Profil Wimpy S Tjetjep, Ikon Bridge Indonesia

Wimpy S Tjetjep merupakan ketua umum PB GABSI yang paling dekat dan sangat peduli dengan kondisi atlet serta komunitas bridge.

Liputan6.com, Jakarta - Mantan ketua umum Pengurus Besar Gabungan Bridge Seluruh Indonesia Wimpy S Tjetjep meninggal dunia. Almarhum meninggal di usia 68 tahun, Minggu, 14 November 2021.

Sejak 2015, Wimpy S Tjetjep terkena penyakit stroke. "Beberapa waktu lalu kondisinya menurun, kemudian sempat membaik," kata sekretariat PB Gabsi Yulian Tosra seperti dikutip Gerak Kita.

Wimpy pernah menjadi ketua umum PB GABSI periode 2006-2010. Selain itu, dia juga sempat menjabat sebagai kedua dewan pembina PB GABSI 2010-2014 dan anggota badan pembina PB GABSI 2018-2022.

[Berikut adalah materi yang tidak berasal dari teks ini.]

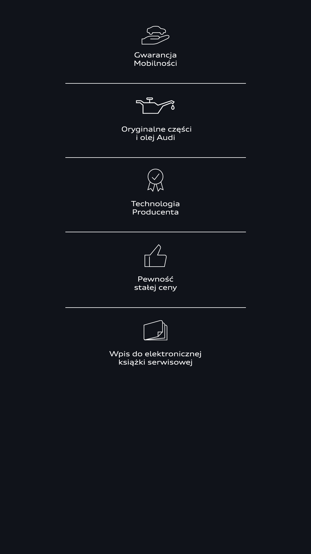 • kupiłeś samochód używany Audi, który nie podlega Programowi Gwarancji Mobilności,

"Beliau ketum yang paling dekat dengan pemain. Beliau sangat peduli dengan kondisi atlet dan komunitas bridge," ucap Yulian. "Para atlet tidak hanya didukung untuk berprestasi, namun juga dalam berkarier. Beberapa atlet berhasil membangun karier di BUMN."

 

Semua untuk bridge

Wimpy S Tjetjep adalah alumni Teknik Geologi Institut Teknologi Bandung. Menurut mantan atlet bridge Pudji Balistika di Facebook, Wimpy memiliki semangat yang luar biasa dalam menekuni olahraga asah otak itu.

"Beliau baru saja pulang kerja, ikut berlatih, bahkan tas kerjanya saja belum sempat disimpan di rumah," kata Pudji tentang sosok Wimpy.

Wimpy kemudian membentuk Team Geologi dengan mempersatukan pemain-pemain bridge kota Bandung. Dia menata pemain dan pengurus dengan gaya karyawan Geologi.

"Pokoknya bridge Jawa Barat harus ada kemajuan, harus cepat menumpas kerikil-kerikil dan hal-hal yang kurang bermanfaat," ucao Wimpy seperti diceritakan Pudji.

Tidak hanya pikiran dan keluarga, Wimpy juga mengeluarkan banyak biaya untuk timnya yang bertanding di kejuaraan nasional. "Kartu kredit yang seharusnya untuk makan keluarga beliau pergunakan untuk biaya bridge. Saya baru melihat pejabat pemerintah yang edan untuk bridge padahal beliau masih pendatang baru," tutur Pudji.

Prestasi Geologi dipimpin Wimpy terus menunjukan grafik prestasi yang meningkat. Mulai jadi juara di Jawa Barat, langganan menjuarai turnamen di Jakarta, bahkan merambah sampai ke Surabaya dan kota – kota lain. Geologi juga mulai jadi langganan juara di tingkat ASEAN.